• Exercise aim: The line containing "1996 ITC Championship, Alfa", plus every line that follows it to the end of the listing below, is what you transcribe exactly; omit all pictures.

• Source material:
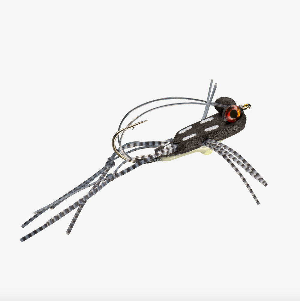 A killer topwater frog pattern for bass. The frog sits with it's legs and backside down in the water, and it's head and eyes out, giving it a very realistic appearance. It has been designed to rollover if it lands upside-down so that the hook point is always up, and has a weed guard protecting the hook point, which allows this pattern to be fished in the heavy cover. It is most effective fished slow. Cast, let the rings die out for a 10 count, and if it hasn't been eaten, just twitch it.
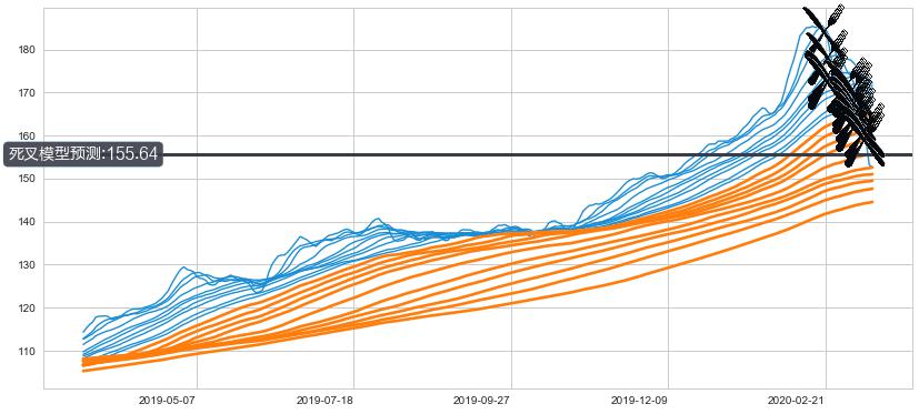 ➢ 90小时均线于(2020-03-10: 160.83)形成【死叉】基于【死叉历史模型】预测死叉后最低波谷价格: 148.76, 死叉后最低价格139.06,已经下跌超出预测最低波谷价格, 预期反弹
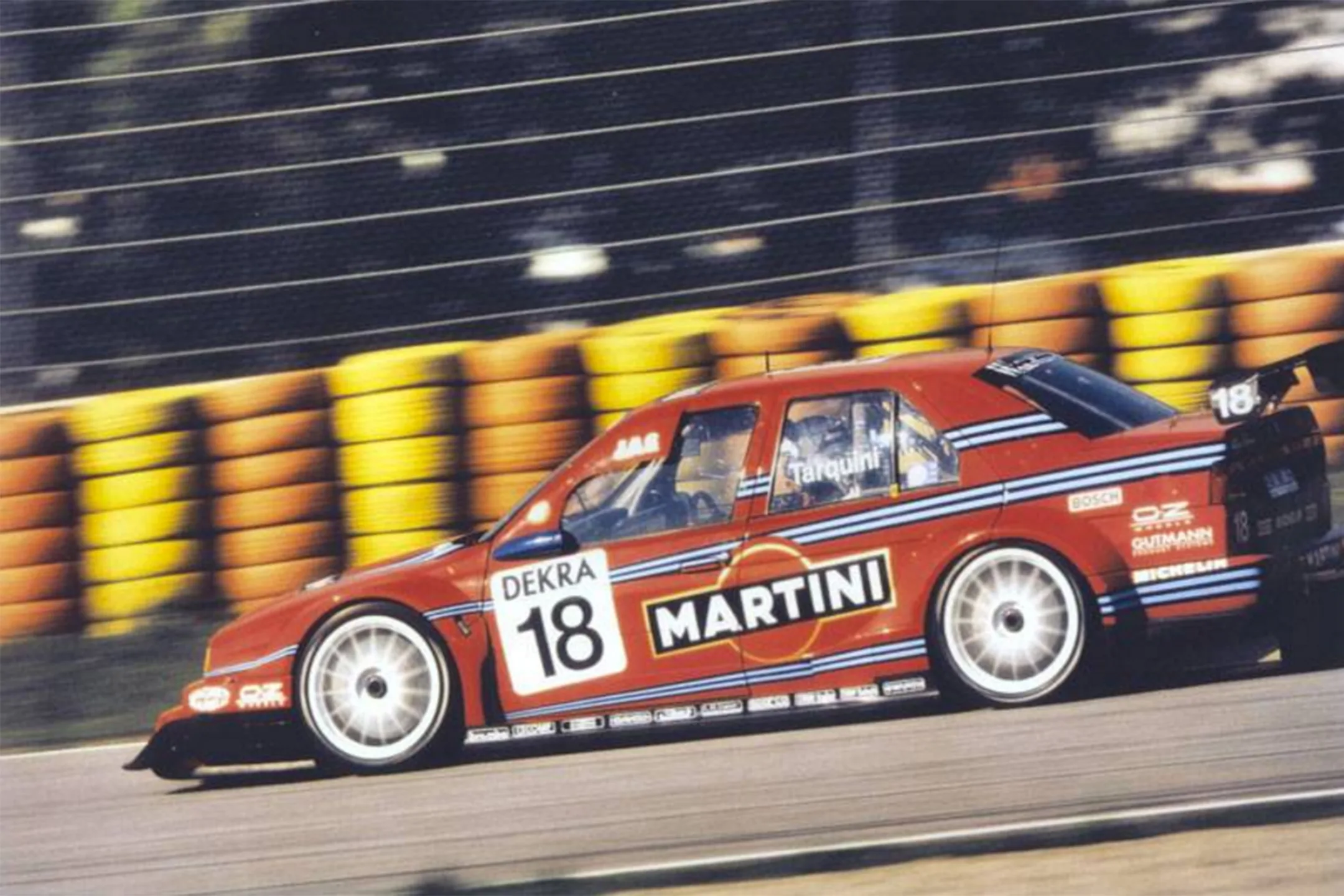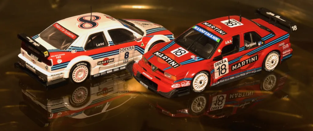 1996 ITC Championship, Alfa Romeo 155 V6 Ti. The DTM championship was very popular and the organizer changed it in International Touring Car Championship (ITC). De series expanded to races in other European countries such as Italy, France, UK, Finland and Portugal but also included races at Interlagos and Suzuka. The costs were much too high and it was the last season of the DTM in this format. It would last to 2000 before a new series was launched. Gabriele Tarquini was another former F1 driver that raced the DTM/ITC. The Alfa Corse cars raced with support from Martini in the white Alfa’s. JAS Motorsport, Tarquini’s team, had Martini sponsoring on their red car for the Mugello race. The other races, Tarquini raced in silver and red and managed a win at Silverstone.
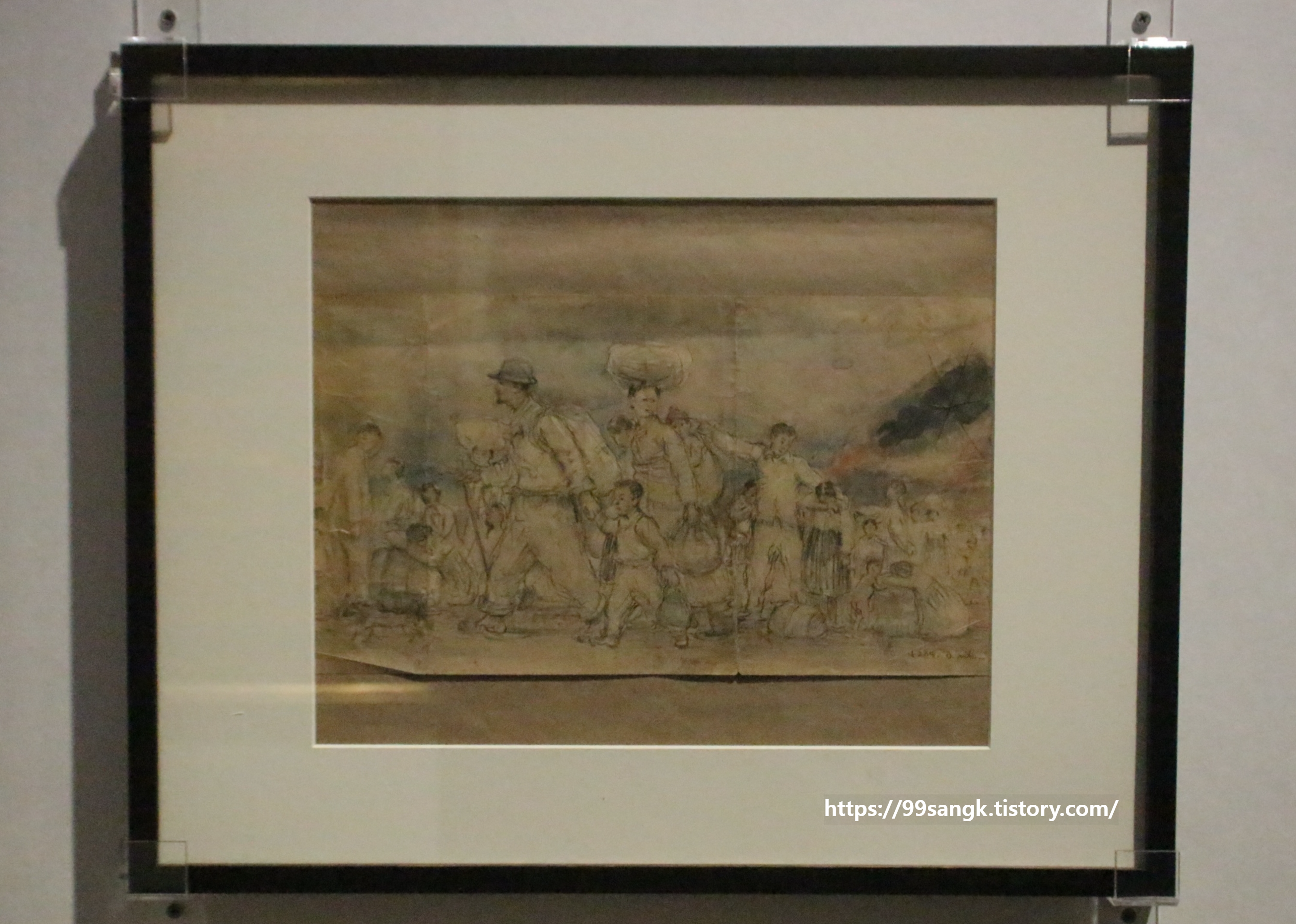 윤중식은 6.25전쟁 당시 피란 도중 아내와 큰딸을 잃고 젖먹이 막내딸마저 영양실조로 잃는 비국을 겪었다. 부산에 도착한 후 종이와 물감을 구해 고통과 참상을 화폭에 담았고, ,전쟁드로잉>은 그가 아들과 함께 공습을 피해 도망치던 순간을 포착한 것이다

• Response to the exercise:
 1996 ITC Championship, Alfa Romeo 155 V6 Ti. The DTM championship was very popular and the organizer changed it in International Touring Car Championship (ITC). De series expanded to races in other European countries such as Italy, France, UK, Finland and Portugal but also included races at Interlagos and Suzuka. The costs were much too high and it was the last season of the DTM in this format. It would last to 2000 before a new series was launched. Gabriele Tarquini was another former F1 driver that raced the DTM/ITC. The Alfa Corse cars raced with support from Martini in the white Alfa’s. JAS Motorsport, Tarquini’s team, had Martini sponsoring on their red car for the Mugello race. The other races, Tarquini raced in silver and red and managed a win at Silverstone.
 윤중식은 6.25전쟁 당시 피란 도중 아내와 큰딸을 잃고 젖먹이 막내딸마저 영양실조로 잃는 비국을 겪었다. 부산에 도착한 후 종이와 물감을 구해 고통과 참상을 화폭에 담았고, ,전쟁드로잉>은 그가 아들과 함께 공습을 피해 도망치던 순간을 포착한 것이다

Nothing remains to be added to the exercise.